Eslovaquia traza su identidad, su fuerza, su sustancia, no de la acuosa, brumosa, eléctrica Bratislava, capital periférica, sino de la montaña. Bratislava es el puerto del Danubio que mira a la planicie de Alfold, pero en el fondo, como en un inconsciente rechazo se aferran las montañas, el pasado, el sabor y el canto. El imaginario de montaña es más fuerte que el imaginario del río. La montaña eslovaca es aún campesina, pastora, trabajadora y musical como en los cuadros de Ludovit Fulla, Pieseň a práca (canción y trabajo), sus entrañas resuenan por el ruido de las piochas y los picos de los mineros sajones, de los sonidos de un trabajo secular; fue también fortaleza erigida contra las mareas otomanas y espacio de repliegue para las poblaciones de los valles donde la migración abraza extrañamente el trazo de las montañas desde el Pinde griego hasta el Beskydes checo y polaco.

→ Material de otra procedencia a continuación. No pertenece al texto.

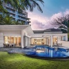 Отдельная вилла c 2-мя спальнями: стеклянные двери от пола до потолка, в спальнях – двуспальная кровать и 2 односпальные кровати, в каждой – собственные ванные комнаты с ванной и душем; гостиная с зоной отдыха, обеденная зона, кухня, кабинет, комната для спа-процедур, меблированная терраса с обеденным столом, сад, собственный бассейн с постоянной температурой воды (глубина 1, 25 м, длина 12 м), душ на свежем воздухе, вид на сад;
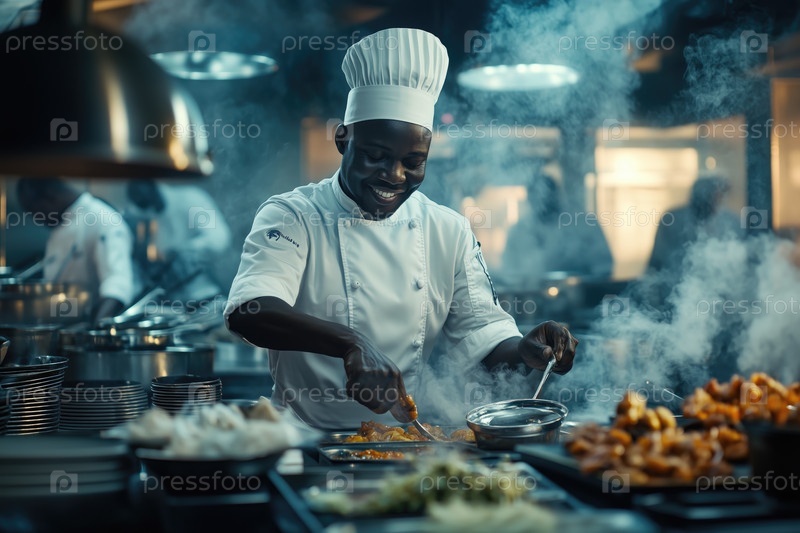 Ношение шляпы приготовление блюда в профессиональной кухне шеф-повар

La imaginación de este pueblo órfico, de pastores nómadas, sin duda llena de caminos las altas tierras de pastoreo eslovacas, que contribuyen a colonizar; en estas montañas redondas y verdes, la labor debiera ser sublimada por una sensibilidad musical que anima hasta los muros de las casas.
Es como si un poco de la Tracia remontase desde los montes Rhodopes. Las montañas aportan así un aliento meridional, antiguo, mediterráneo, en Eslovaquia pero también en la Polonia de Beskydes, Tatras, Zakopane. Si al oeste se pasa por las puertas de Janus para salir al sur así el sur remonta, con el paso del tiempo, en el mismo cuerpo de la gran montaña que serpentea en torno a Eslovaquia, Polonia, Rumania, Grecia, en un mismo trazo del valle. La unión se opera de nuevo entre la planicie del norte y del sur que remonta a lo largo de la columna vertebral, como la energía de Kundalini, aportando el Norte, Rumanía, Eslovaquia, Chequia, Polonia, un impulso meridional y solar.